Most of the variables present positive skeweness; it indicates that the lowest values are more frequent.

If we take as an example the ‘sales’ variabile we can see a good amount of variance between datas with an extense range of datas.

I analysed the ‘volume’ variable with 2 graphs: a boxplot to see the quantiles and the outliers and a histogram (with the density curve) to see the frequency for each class (to see the positive skewness)

Comparisons between variables for variability and skewness

# Coefficient of variation function; it is necessary in order to compare variables with different units of measurement
CV <- function(datas, column){
  sd_v = sd(datas[[column]])
  mean_v = mean(datas[[column]])
  
  return(sd_v/mean_v*100)
}

# Comparison between some variables to see the one with the highest variability
CV(df, "sales")

## [1] 41.42203

CV(df, "volume") # Highest variability

## [1] 53.70536

CV(df, "median_price")

## [1] 17.08218

CV(df, "listings")

## [1] 43.30833

CV(df, "months_inventory")

## [1] 25.06031

# Histograms of the 5 variables above (to analyse the skewness) 
par(mfrow = c(3, 2))
hist(sales, col = "lightblue")
hist(volume, col = "lightgreen")
hist(median_price, col = "lightgrey")
hist(listings, col = "brown")
hist(months_inventory, col = "yellow")
par(mfrow = c(1, 1))

In order to compare the variability for columns with different unit of measurement we must use the coefficient of variation.

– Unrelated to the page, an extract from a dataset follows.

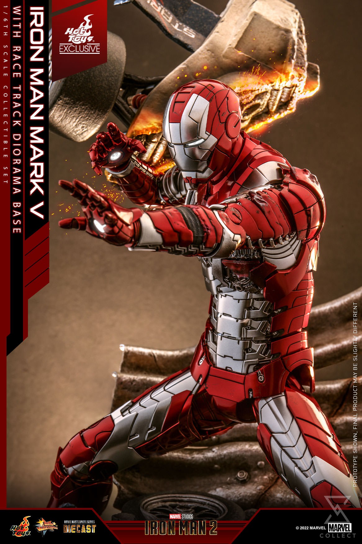 What’s more! The figure exclusively includes a highly elaborated diorama base reminiscent of the dramatic showdown between Iron Man and Whiplash, complete with damaged motor parts and guard rail from the circuit.
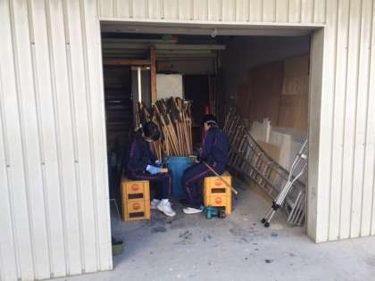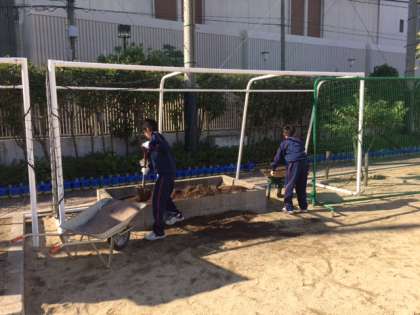 昨日から職場体験に来ている中学生です。今日は朝から、管理作業員さんと一緒に作業をがんばっています。

From a statistical point of view the variable ‘volume’ is the one whose values vary greatly relative to the average.

If we see above the skewness functions (where I executed the position, variability and shape indexes) and the histograms, ‘volume’ is the variable with the highest skewness.

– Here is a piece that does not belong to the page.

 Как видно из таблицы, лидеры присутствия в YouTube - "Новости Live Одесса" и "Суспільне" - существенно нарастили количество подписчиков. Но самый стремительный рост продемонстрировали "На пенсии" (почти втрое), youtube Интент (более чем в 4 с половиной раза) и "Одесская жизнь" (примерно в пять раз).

Classes for ‘median_price’

# Creation of classes for 'median_price' variable
median_price_class = cut(median_price, breaks = 10, labels = FALSE)
breaks_vec <- seq(min(median_price), max(median_price), length.out=11)

# Function to create labels ad-hoc for the barplot
label <- sapply(1:(length(breaks_vec)-1), function(i){
  paste0(round(breaks_vec[i]/1000), "-", round(breaks_vec[i+1]/1000), "k")
})

# Barplot for 'median_price' divided in 10 classes
barplot(table(median_price_class), names.arg = label, las=2, col = "lightblue",
        main = "Barplot for median_price in classes",
        ylab = "Frequency")

# Calculate Gini index
sum_median_price_class = sum(table(median_price_class))
freq_rel_median_price = round(table(median_price_class)/sum_median_price_class, digits = 3)
Gini <- 1-sum(freq_rel_median_price^2)
Gini # 0.86 -> high eterogenity

## [1] 0.862613

Variable ‘median_price’, divided in classes and plotted with a barplot, has high heterogeneity.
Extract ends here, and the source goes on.